OQRA NaturalQuestions pre-trained model accuracy

Hi folks,

Thanks a lot for releasing the source code and the pre-trained models!
I was able to setup everything, and run the test evaluation code.

I downloaded the pre-trained NQ checkpoints from gs://orqa-data/orqa_nq_model
When I run

export MODEL_DIR=./orqa_nq_model
python -m language.orqa.predict.orqa_eval \
  --dataset_path=./resplit/WebQuestions.resplit.test.jsonl \
  --model_dir=$MODEL_DIR

I only see an accuracy of 21%
Accuracy: 0.2101 (427/2032)

This is using the best_default checkpoint:

language/language/orqa/models/orqa_model.py

Lines 508 to 509 in 2d08af4

    
           best_checkpoint_pattern = os.path.join(model_dir, "export", "best_default", 
        
                                                  "checkpoint", "*.index")

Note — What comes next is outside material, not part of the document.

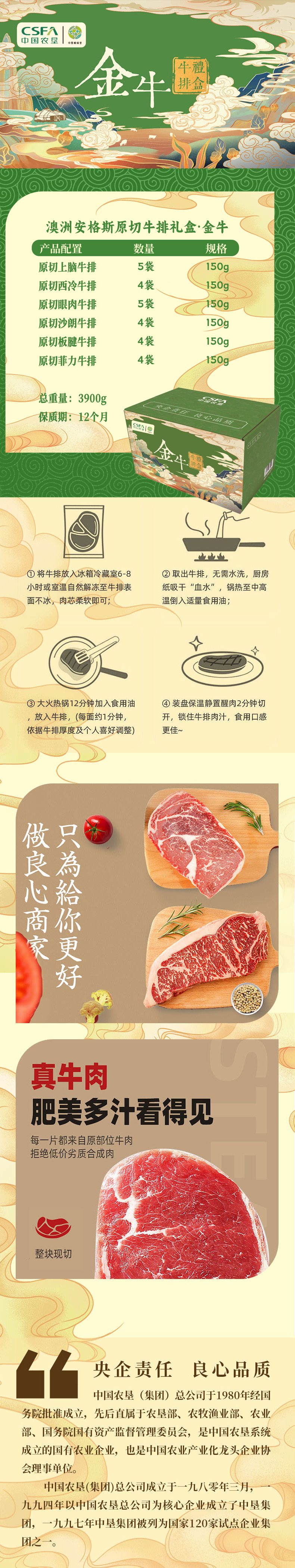 '西北专供'【顺丰快递】CSFA/中国农垦中垦优选澳洲安格斯金牛原切牛排礼盒3900g

The performance reported in the paper is 33.3%

Has anyone else faced this problem?
Did I miss a step?

Thanks,
Priyam

The dataset_path that you used is for WebQuestions, not Natural Questions. Please use resplit/NaturalQuestions.resplit.test.jsonl instead.

	best_checkpoint_pattern = os.path.join(model_dir, "export", "best_default",
	"checkpoint", "*.index")